The spike, combined with an uptick at the start of 2017, has helped push the stock ahead of the broader market, and of rival Carnival (NYSE:CCL), over the past 12 months.
In a late January earnings release, Royal Caribbean announced that sales growth was flat. However, lower cruise expenses met with a decline in marketing costs to push operating income higher by 19%. "Our business continues to thrive," CEO Richard Fain trumpeted in the quarterly press release.
What investors liked even better was the company's bullish outlook for 2017. Executives forecast an acceleration of net yield growth to 4.3% from 3.9%. Vacation bookings are at record levels, too, and that gives Fain and his team confidence that they can achieve $7 per share of earnings, up from $6.08 per share for fiscal 2016. Heading into the report, Wall Street analysts would have settled for closer to $6.78 per share.
Royal Caribbean is in a strong position heading into what management calls its "double-double" fiscal year.
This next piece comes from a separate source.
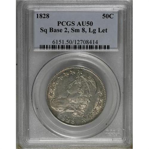 <B>1828 50C Square Base 2, Small 8, Large Letters AU50 PCGS.</B></I> PCGS Population (19/157). NGC Census: (0/0). (#6151)<BR><BR><B>Coin Engraver:</B> John Reich<BR><BR><b>Shipping:</b> Coins & Currency (<a target="_blank" href="http://www.heritageauctions.com/common/shipping.php">view shipping information</a>)

By that they mean the company should roughly double its earnings in 2017 compared to 2014 while pushing return on invested capital into double digits -- up from 5.9% that year.
Its latest profit improvement already puts it ahead of Carnival on that measure, and a 10% ROIC would allow it to overtake its bigger rival on that key metric soon. Of course, major risks remain, including spotty travel markets in places like Latin America and parts of Europe. Rising fuel prices could also sink earnings growth for all industry participants. But for now at least, Royal Caribbean is entering a new fiscal year with the wind at its back.